Source material below:
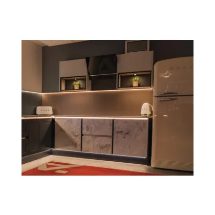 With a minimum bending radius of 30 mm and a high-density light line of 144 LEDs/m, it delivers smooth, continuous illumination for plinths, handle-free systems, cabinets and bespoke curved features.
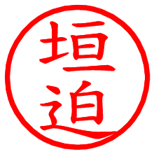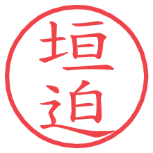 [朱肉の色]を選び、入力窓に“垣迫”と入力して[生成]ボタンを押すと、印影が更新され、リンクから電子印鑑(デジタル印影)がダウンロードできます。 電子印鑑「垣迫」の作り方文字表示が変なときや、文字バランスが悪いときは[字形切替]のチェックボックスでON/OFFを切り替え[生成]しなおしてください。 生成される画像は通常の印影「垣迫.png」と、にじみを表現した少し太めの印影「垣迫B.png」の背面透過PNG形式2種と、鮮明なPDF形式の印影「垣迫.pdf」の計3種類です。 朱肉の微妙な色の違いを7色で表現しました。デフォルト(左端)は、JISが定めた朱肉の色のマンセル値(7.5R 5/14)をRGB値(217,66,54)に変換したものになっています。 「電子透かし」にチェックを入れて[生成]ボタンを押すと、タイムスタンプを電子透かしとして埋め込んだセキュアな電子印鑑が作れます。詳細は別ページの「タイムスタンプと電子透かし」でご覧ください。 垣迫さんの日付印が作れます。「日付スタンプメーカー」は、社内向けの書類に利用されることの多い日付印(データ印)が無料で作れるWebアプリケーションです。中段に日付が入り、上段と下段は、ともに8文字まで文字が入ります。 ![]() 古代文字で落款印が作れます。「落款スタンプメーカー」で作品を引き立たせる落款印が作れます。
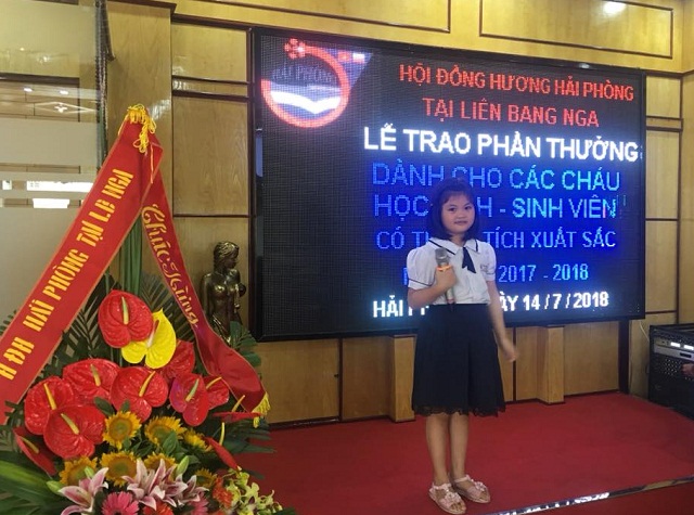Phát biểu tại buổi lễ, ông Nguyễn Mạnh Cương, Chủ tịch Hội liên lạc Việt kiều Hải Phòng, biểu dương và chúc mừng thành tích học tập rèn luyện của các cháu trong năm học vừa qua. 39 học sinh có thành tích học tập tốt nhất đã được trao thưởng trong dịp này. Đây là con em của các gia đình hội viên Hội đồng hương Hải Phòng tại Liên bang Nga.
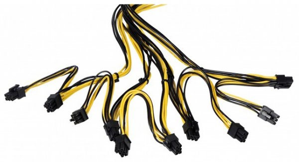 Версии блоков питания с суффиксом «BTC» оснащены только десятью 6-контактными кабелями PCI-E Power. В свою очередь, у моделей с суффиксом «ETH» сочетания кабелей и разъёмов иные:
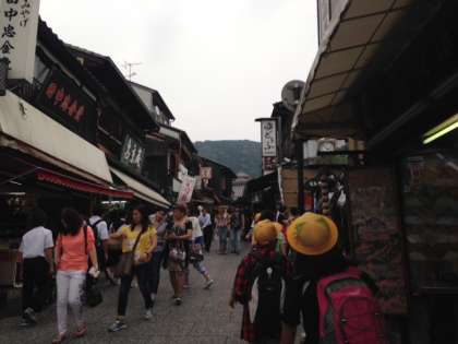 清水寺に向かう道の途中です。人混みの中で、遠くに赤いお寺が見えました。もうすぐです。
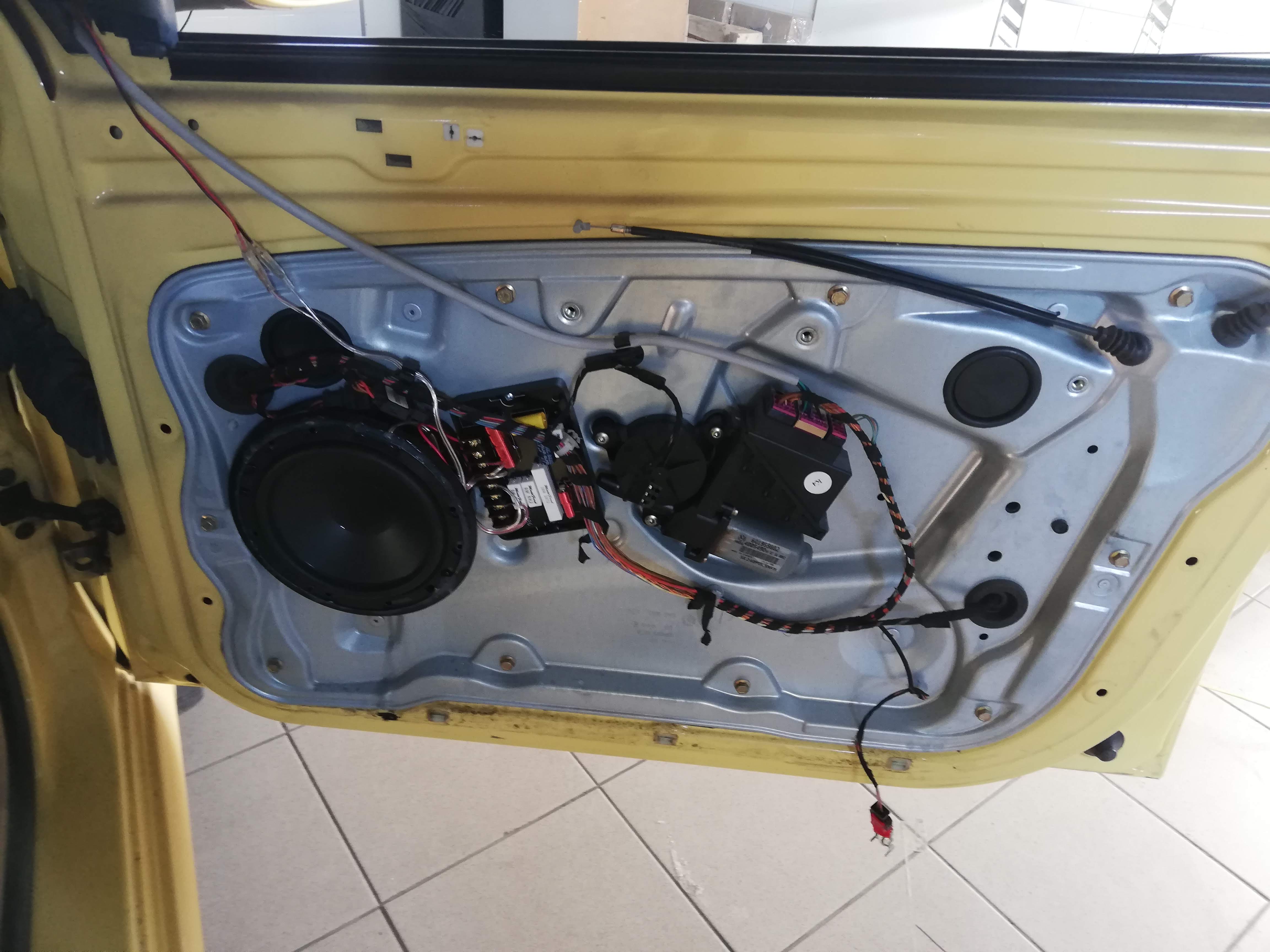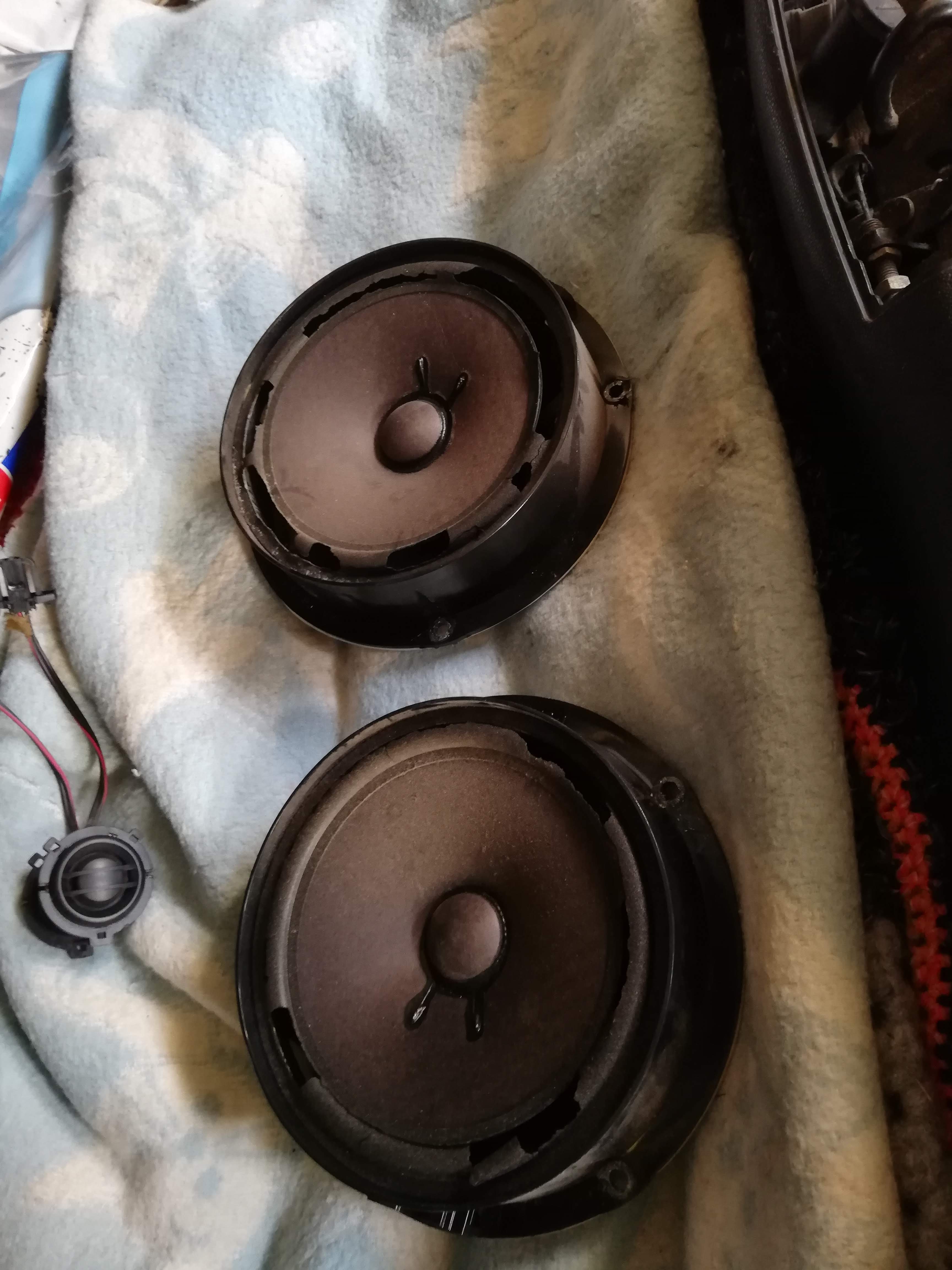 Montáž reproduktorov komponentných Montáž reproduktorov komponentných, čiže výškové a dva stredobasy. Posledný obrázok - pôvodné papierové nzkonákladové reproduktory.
End of Source material.
- Work instruction:
Out of the records above, return only the lines from the one with "Версии блоков питания" through the one with "清水寺に向かう道の途中です。", exactly, and none of the pictures.

- Answer below:
 Версии блоков питания с суффиксом «BTC» оснащены только десятью 6-контактными кабелями PCI-E Power. В свою очередь, у моделей с суффиксом «ETH» сочетания кабелей и разъёмов иные:
 清水寺に向かう道の途中です。人混みの中で、遠くに赤いお寺が見えました。もうすぐです。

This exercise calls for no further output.